If you have a big WACZ file that you can’t submit via the Google Form, follow these instructions to upload your WACZ directly to our S3 bucket. If you need to upload more complicated data, like custom scraping results or a failed crawl, you need to request your own upload credentials so that you get access to your personal AWS upload folder.
First, go to https://docs.aws.amazon.com/cli/latest/userguide/getting-started-install.html
Choose your operating system, and download the installer package.
Then, verify the installation worked by trying to run the aws
tool.
You should see a screeen like this:
usage: aws [options] <command> <subcommand> [<subcommand> ...] [parameters]

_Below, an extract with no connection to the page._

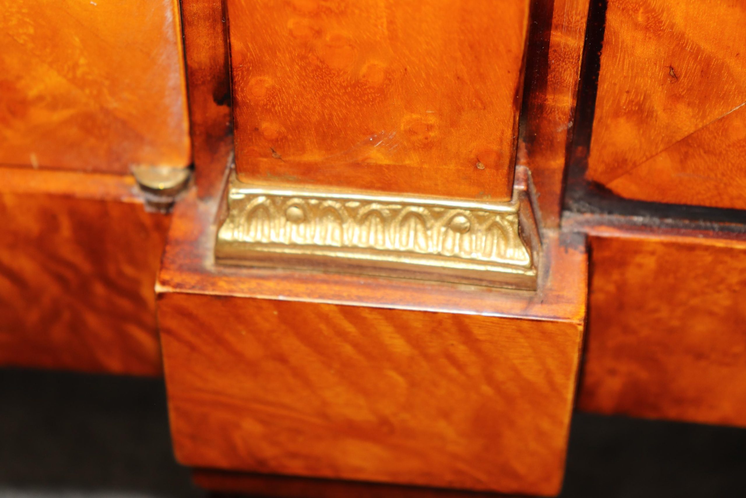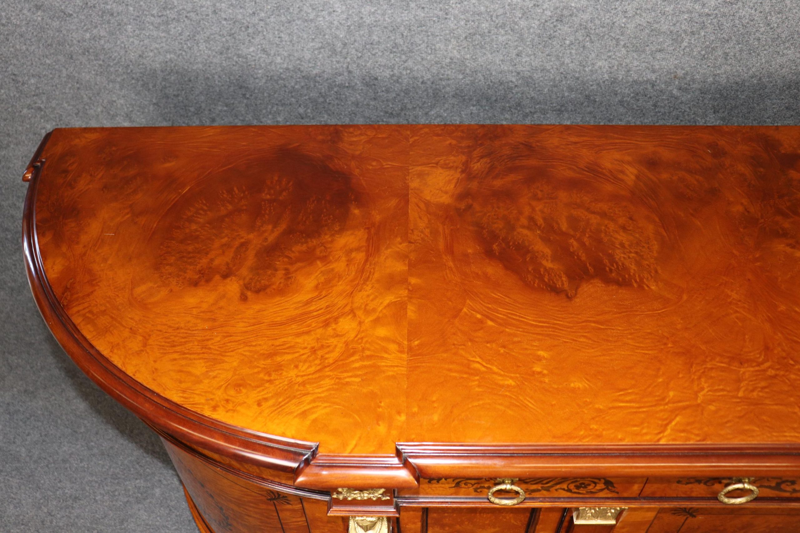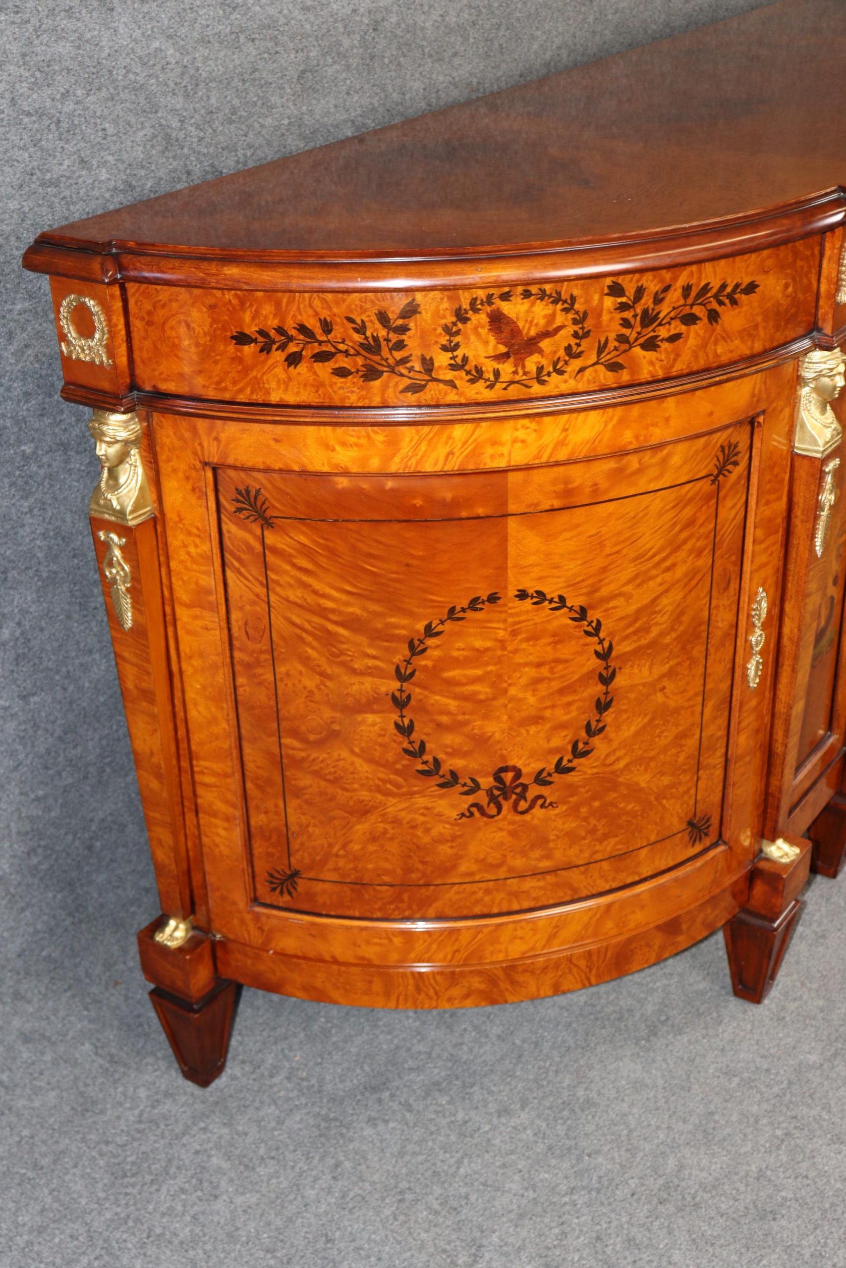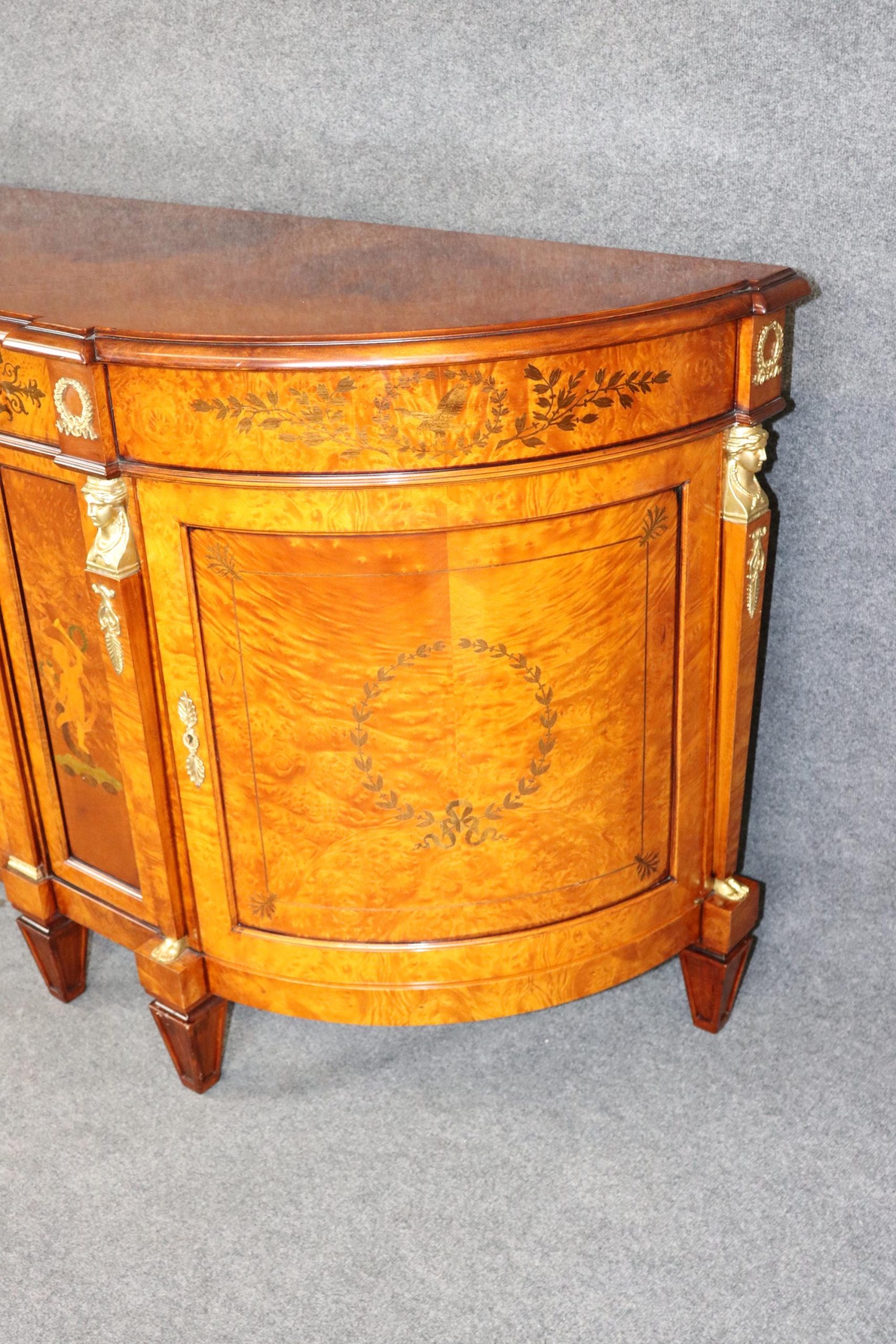 This vintage monumental Italian French Empire style sideboard by Rho Moili D’Epoca is made of the highest quality and is bound to bring a sense of class and luxury into your home or place of choosing! This piece has 3 doors that open to spacious storage areas each containing one shelf, perfect for storing away your personal belongings! This will definitely be a conversation starter in any entryway, living room, dining room or office. Antique furniture and vintage pieces have stood the test of time and this sideboard is no exception! With its quality materials and great craftsmanship this is bound to last you and your family for many years to come. This piece is in good vintage condition with the exception of some light surface scratches and some minor finish loss as to be expected with an item of this age but otherwise good condition.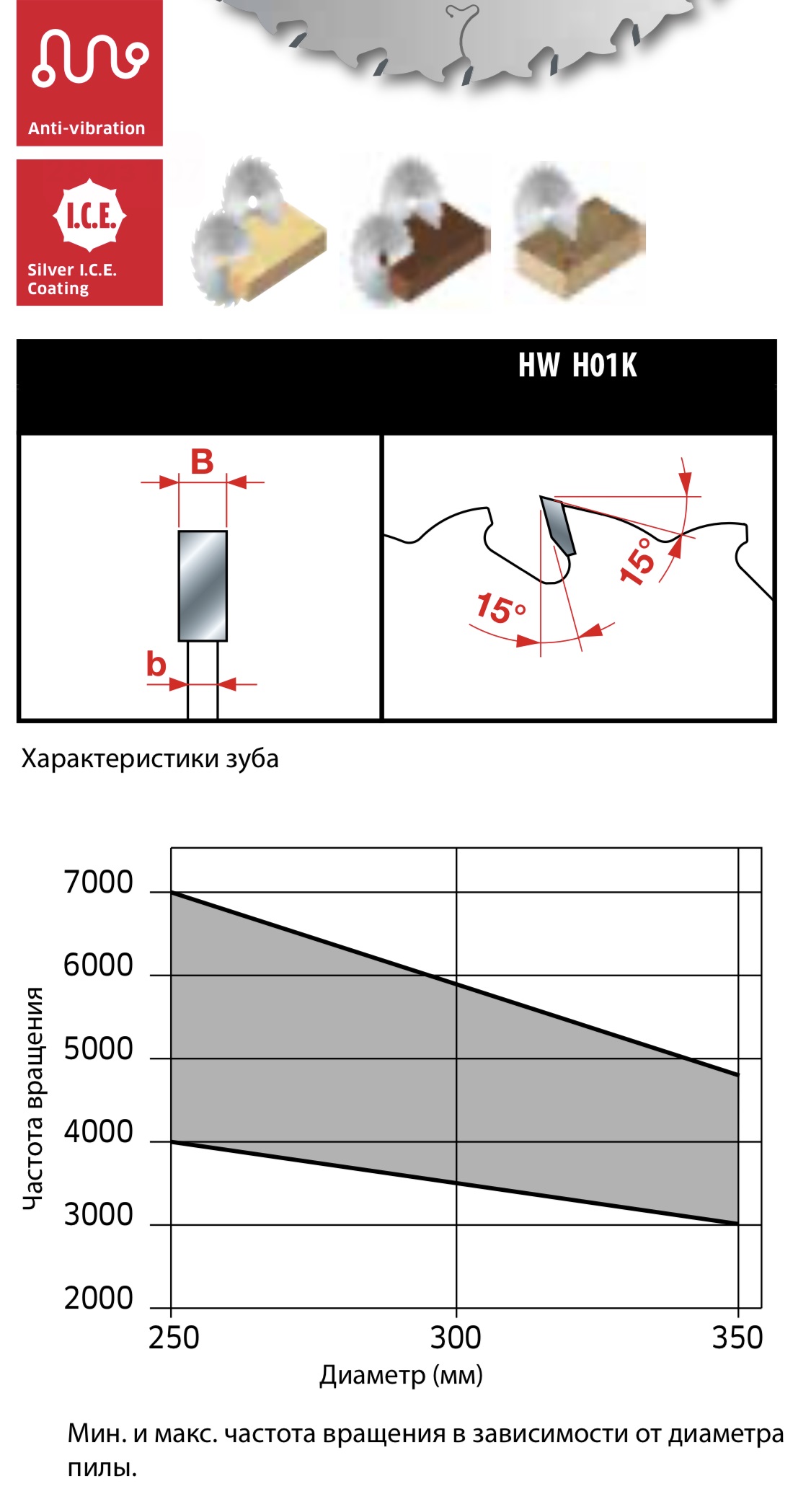 | Толщина пропила, B (мм) | 2.5 |

To see help text, you can run:
aws help
aws <command> help
aws <command> <subcommand> help
aws: error: the following arguments are required: command
Next, you need to configure the AWS commandline tool. Go to the #browsertrix channel in Slack to get the shared access credentials from the pinned post. The access credentials consist of two parts, which work like username and password:
These access credentials have upload-only permissions. This means you can you only read the upload-directory and upload WACZ files. You will not be able to remove, rename or delete any files or navigate to a different directory.
First, enter the following commands one after the other:
aws configure set aws_access_key_id ACCESSKEYIDFROMTHEBROWSERTRIXCHANNEL
aws configure set aws_secret_access_key secretaccesskeyfromthebrowsertrixchannel
aws configure set default.region eu-central-1
Once the AWS command is configured, navigate to the directory where your WACZ file is stored. Test you can connect to the AWS by doing a directory listing:
aws s3 ls s3://sucho-wacz-upload/
Then, run the command:
aws s3 cp yourfilename.wacz s3://sucho-wacz-upload/
The upload should start now and you should be able to see the progress.